I turned right on Napoleon, carefully looking for signs of the flood. The gray mud appeared, along with the black water line.  The mud grew thicker and the long black line higher as I headed towards Broadmoor. Oversized grave markers of refrigerators were everywhere, brooding over the city. It had been 40 years since the last monster storm, people had forgotten, if they ever knew, the consequences of leaving food without electricity to rot.  The stench was unendurable and the refrigerators unusable. At Napoleon and South Broad stood the main pumping station, located at the center of the Uptown bowl, some 10 feet or so under sea level. It had, of course, flooded quickly and amplified the misery of the city after the storm. It seemed reasonable when it was built to place it at a low point to drain the city, but when the levees broke… Disaster planning must foresee many combinations and permutations; the unforeseen can always be deadly. As I roamed about the streets, night fell and enveloped the city in primeval darkness. We are used to some residual glow from homes and streetlights but in Mid City and Broadmoor after the storm, there was nothing but the faint lights of downtown New Orleans in the distance. Thus even below sea level with Louisiana humidity, the stars glittered with startling intensity. All the broken oaks and cypress seemed to be but weird shadows against the sky. I drove back towards the Quarter to see if I could scare up any business.

There were no cabs, but not much business either. The Guardsmen and FEMA workers were concentrated in the few open strip clubs, traps that sucked them up and didn’t spit them out until the indeterminate closing time.  After a few insignificant fares, I headed for my habitual stomping grounds on lower Decatur. There was a seedy bar on the corner of Decatur and Governor Nicholls, open to both streets. I pulled up and walked in. It felt comfortable, more down at the mouth than Molly’s, not as skid row as The Abbey. Pots and pans of the grease stained kitchen were completely visible from the bar, adding to the air of informality. The kitchen was closed due lack of help and lack of readily available meats and produce. This was Mojo, which was to become my second headquarters after the storm.

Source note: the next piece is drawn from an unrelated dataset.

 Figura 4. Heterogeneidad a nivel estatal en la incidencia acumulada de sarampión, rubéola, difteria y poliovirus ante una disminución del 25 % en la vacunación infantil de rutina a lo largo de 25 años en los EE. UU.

The barmaid was a tall dark woman that I came to know fairly well over the coming months. Her home was in theTreme, a neighborhood that borders the French Quarter at North Rampart Street half a mile or so from the river. The French Quarter is high ground for New Orleans, sediment laid down by centuries of flooding from the Mississippi before the construction of levees. The natural levee begins to fall off at Rampart Street; hence the flooding that filled the natural bowl of the city stopped at Rampart. Her home was some blocks into the Treme, so she was not spared. She had stayed and she was a vivid witness to the chaos unleashed by the storm. The water flooded down North Villere Street in a great rippling surge, trash bags and garbage bobbing along with the stream. She left for two weeks or so, spending time with friends in the Florida panhandle and then in Texas. Like most evacuees, her tale was convoluted and crazy, improbable and barely credible. There had been some sort of kerfuffle in Florida so she left to try her luck in Texas. She got tired of the drama and returned to the city as soon as she could, only to find the hideous circular flowers of green mold creeping up the sheet rock of her walls. Accordingly, she was stressed and talkative, as eager to share her story, as I was to hear it. I wrapped it up for the night, creeping into the apartment to avoid disturbing The Schnurrer.

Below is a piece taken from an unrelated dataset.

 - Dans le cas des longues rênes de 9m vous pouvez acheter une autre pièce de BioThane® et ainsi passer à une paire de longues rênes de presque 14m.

The next morning paying my insurance was top priority. After a breakfast marred by the ever-present tiny flies, I walked to Carondelet Street and the temporary headquarters of the cab company. The informal, improvised nature of the office had a certain offbeat charm. The head of the real estate office was there, with his ad hoc ‘guard dog’ a placid, rotund yellow lab. We shared our crazy anecdotes of the storm as the office help took care of the paper work. Everyone worked together, staying out of each other’s way, doing what they had to do. It was good to reconnect with Gene and the ladies that worked the office. We were now essentially family, bound together by the shared hardships of the storm. Such ties are enduring; I feel the enduring kinship to this day.

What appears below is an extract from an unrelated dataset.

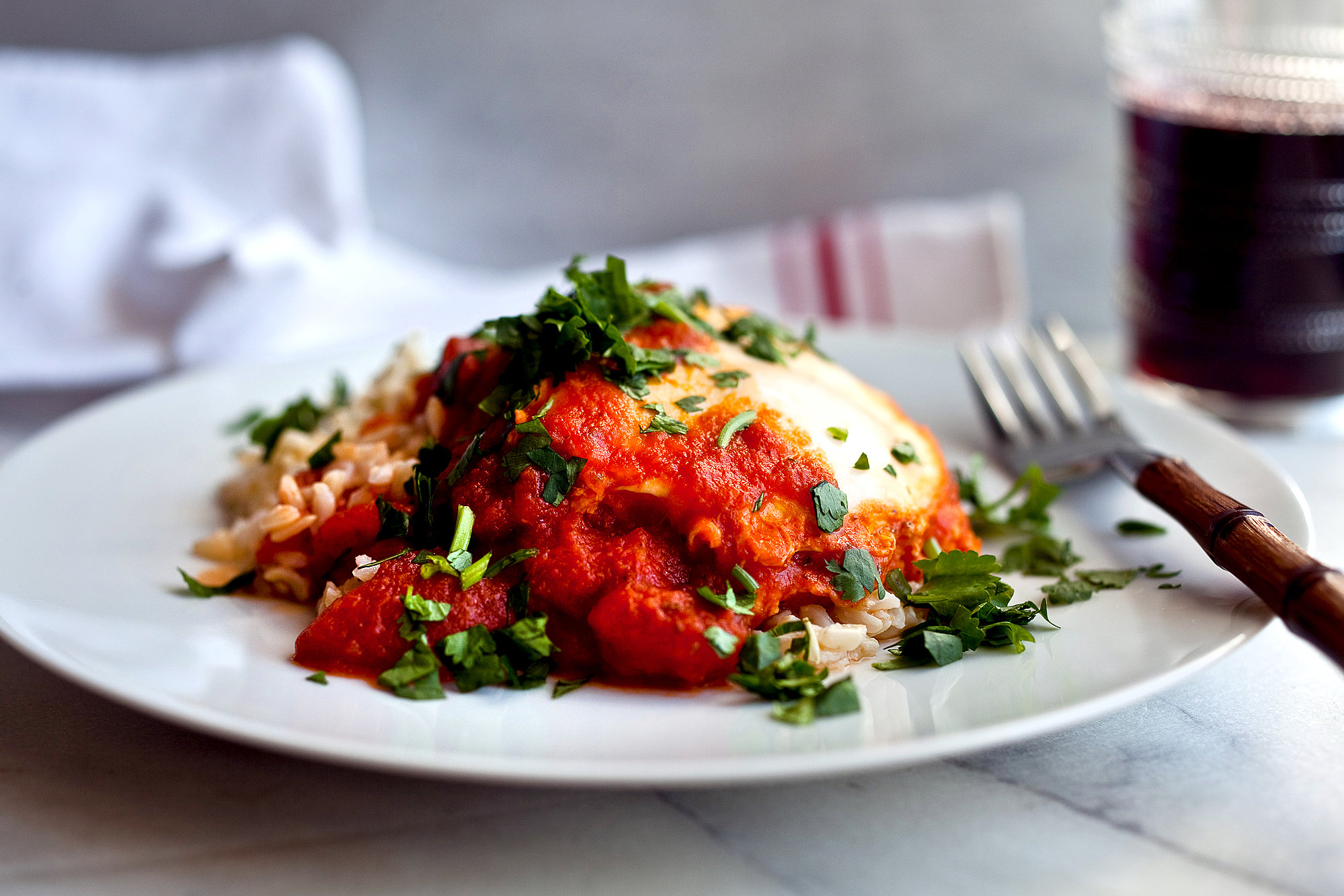 - For one serving, remove all but about 1/2 cup of the sauce from the pan and reserve for another time. Bring the sauce in the pan to a simmer. Break the egg or eggs into a teacup, and carefully tip into the tomato sauce. Cover the pan and simmer over low heat for 3 to 4 minutes, until the tops of the whites are set but the yellow yolks show through. It’s important that the yolk be runny. Turn off the heat. Season the eggs with salt and pepper to taste and sprinkle with cilantro. Remove from the heat and serve over basmati rice.

When I got the car that evening, Steve and I went out to the Metairie post office to get our respective post office boxes — regular mail was a long way from being restored. Indeed the downtown New Orleans post office was still a work in progress. Baton Rouge was now the postal headquarters of South Louisiana. After depositing Steve back at the apartment I went back to work. That night I needed to make an effort to make real money, but there was little to be had. The tight fingers of anxiety began to clutch at my stomach. Sooner or later I would have to pay my bills, and my cash was running low. The next morning I phoned Barbara for a thousand dollar advance. The mail was slow, who knew when the check would arrive….

My anxiety only grew over the weekend.  Something would have to break. Living day-to-day, almost moment-to-moment, I hoped I would not be broken. I heard that the lower 9th Ward would be reopened Monday morning for a ‘look and leave’. That gave me something to focus on, taking my mind off the dismal state of my cash flow.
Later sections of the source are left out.